Medieval role-player who slapped Macron linked to far-right royalist fringe

Paris: Bubbling beneath France’s political landscape is an assortment of ultra-right groups, a subculture that shot to the nation’s attention when a young man slapped President Emmanuel Macron and blurted out a centuries-old royalist cry.

Ignored by most people, ultra-rightist groups are considered increasingly dangerous despite their small following and are on the radar of authorities. Numerous arrests have been made and several groups banned, including one this year. Challenges to the French identity are often at the centre of their ideologies.

During Wednesday’s Cabinet meeting, Macron discussed the incident a day earlier in a small town in the southeast Drome region. “No violence can be considered banal in the country,” government spokesman Gabriel Attal said later. But Macron stressed it was “an isolated act by a violent individual” that wouldn’t stop his direct contact with the population.

The town of Tain-l’Hermitage was the President’s most recent stop on a tour designed to “feel the pulse of the country” that’s been laid low by the coronavirus and trying to get back on its feet.

Two people, the man who assaulted the President and a friend, were quickly arrested for “voluntary violence on a person holding public authority” and were still under questioning. Neither the man identified in French media as the slapper, Damien Tarel, 28, nor his friend, identified only as Arthur C, had police records.

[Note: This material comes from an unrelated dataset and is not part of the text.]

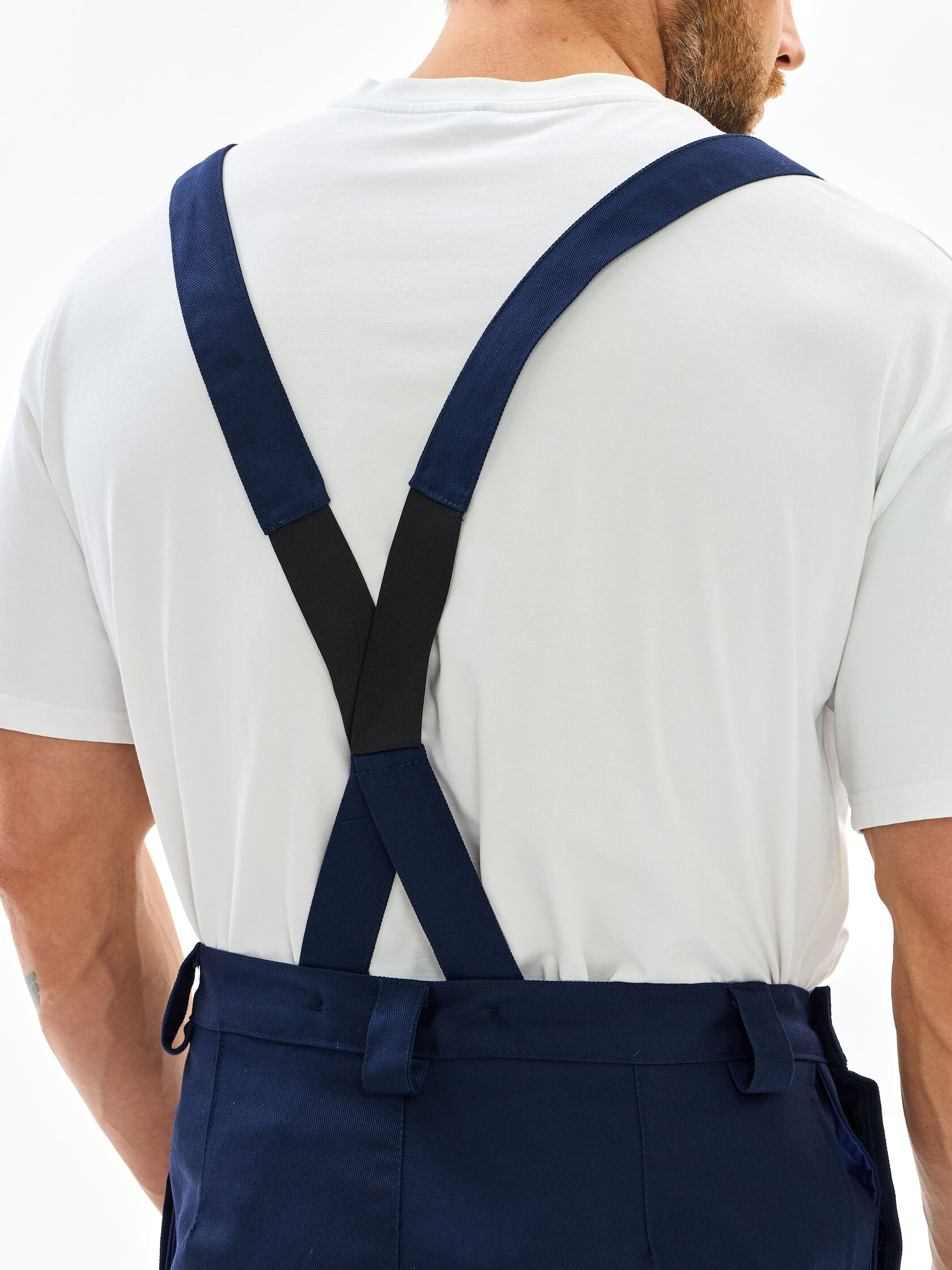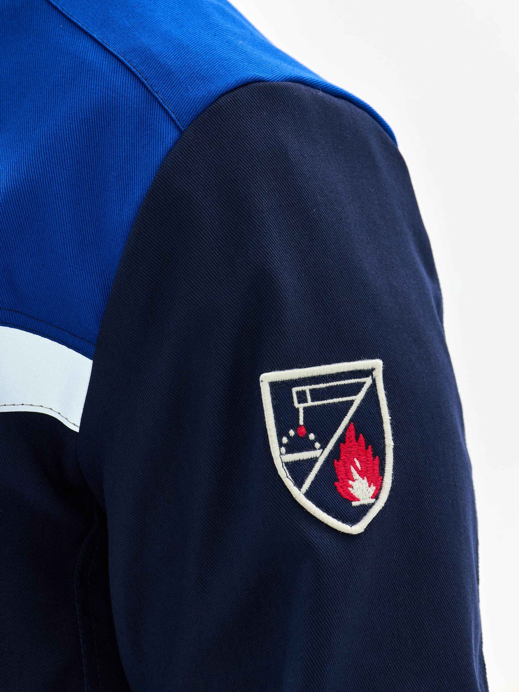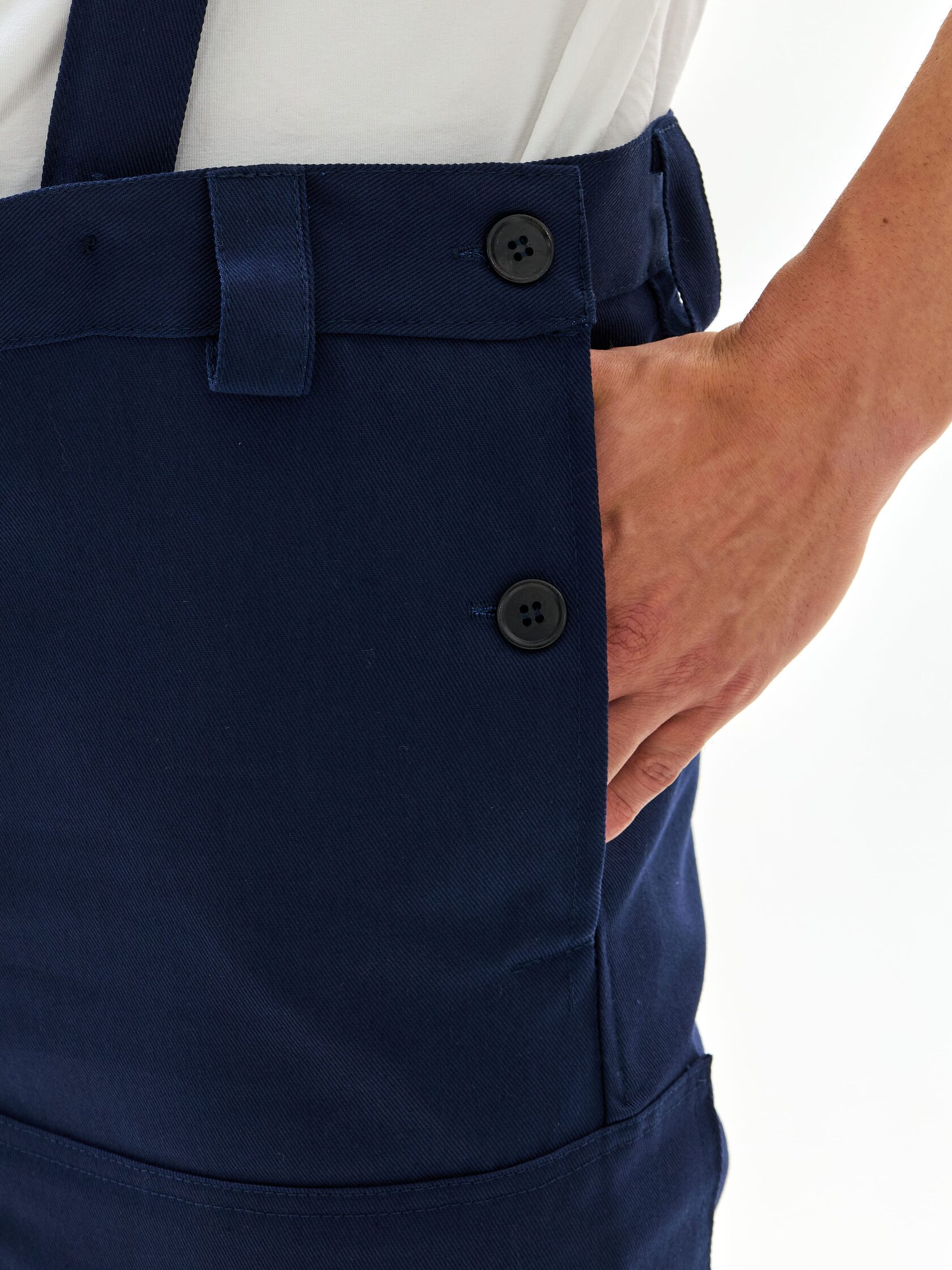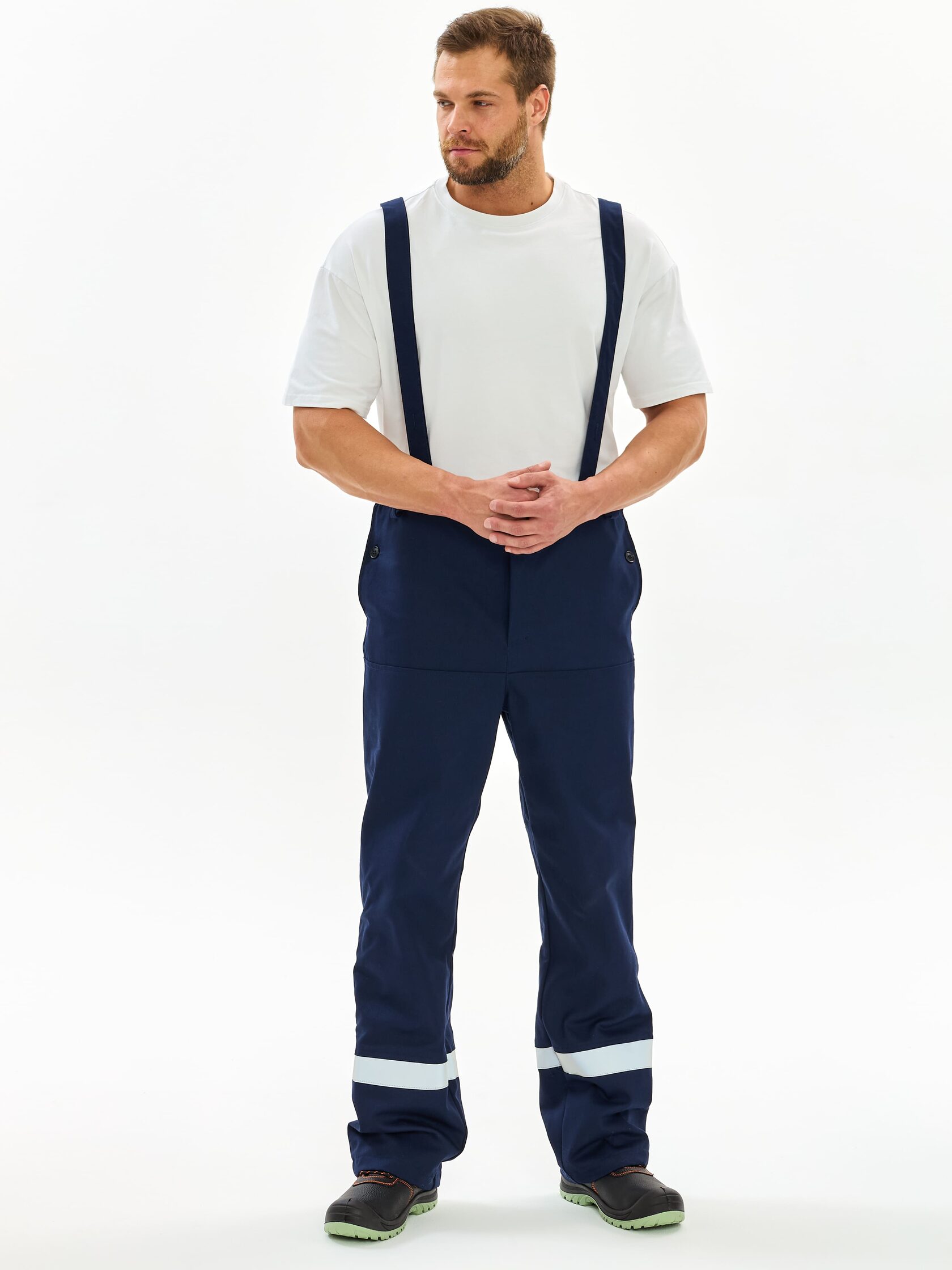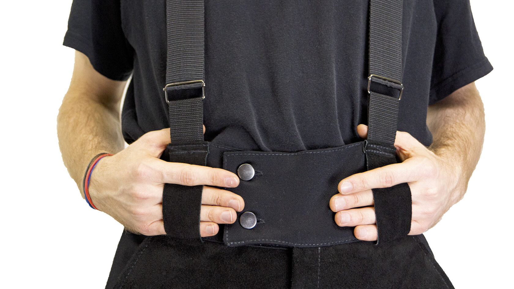 Передняя часть выполнена из плотного подкладочного спилка толщиной 1.2 - 1.4мм, задняя - из огнестойкой ХБ ткани 450 грамм. Нижняя задняя часть брюк также выполнена из спилка, увеличивает срок службы изделия и защищает его от прогорания.

French media reported that police found weapons and a copy of Hitler’s Mein Kampf when they searched their homes.

Damien Tarel, the 28-year-old arrested for slapping French President Emmanuel Macron, from his Instagram.Credit:Instagram

The profile emerging on social media of Tarel showed an interest in medieval combat and martial arts, confirmed by a friend in an interview on BFMTV. The friend, identified only as Loic, said he was “stunned” by the slap. In October 2018, Tarel put out a call on a social media platform for funds for an association of Medieval martial arts in his hometown, Saint-Vallier, with a population of under 4,000.

Tarel’s motives remained unclear, but it was his cry “Montjoie! Saint Denis!” as he slapped Macron’s cheek with his right hand, that pointed to the aggressor’s potential interest in the tiny royalist fringe movement. Social media posts showed he followed royalist TV channels and a smattering of extreme-right figures.

In 2018, the royalist call-to-arms dating to Medieval times was cried out by someone who threw a cream pie at the far-left lawmaker, Eric Coquerel. The extreme-right pro-monarchist group Action Francaise took responsibility. Action Francaise, born in the early 20th century, did not claim a role in Tuesday’s slapping incident, but hours later tweeted almost playfully, “Vive la tarte a Tain,” a play on words combining the slang for “slap” (tarte), the French apple desert, tarte tatin, and Tain-l’Hermitage, where the incident occurred.

Far-right leader Marine Le Pen was among political chiefs to quickly condemn the assault. Le Pen, a candidate in 2022 presidential elections, has spent years working to rid her National Rally party of extremist elements who gravitated around her father’s National Front party, which she renamed.

Obscure to most of France, ultra-right movements are a priority on the radar of investigators.

A probe into an alleged plot uncovered in 2018 against Macron by a mini-group whose members were scattered around France is still in progress. The group, known as Les Barjols, was ordered disbanded.

Mediapart, an online investigative outlet, reported last month that investigators are on alert for the eventual return of ultra-right terrorists. It said 17 deaths can be attributed to the ultra-right between 2016-2019, and quoted investigators as counting about 1,000 militants and 2,000 followers of the ultra-right.

In March, France banned Generation Identity, citing its ideology “inciting hate, violence or discrimination of individuals … based on origins, race or religion.” The organisation was known for spectacular actions to get out its anti-migrant message in what it claimed was a mission to preserve French and European civilisation.

Four hours before Tuesday’s assault, a TV news show, Le Quotidien, broadcast a brief clip of Tarel and two friends waiting to see Macron. Neither Tarel nor the man detained with him spoke, but the third person said: “There are things that should be said, but unfortunately cannot be said.”

Among the issues, he said, was “the decline of France.”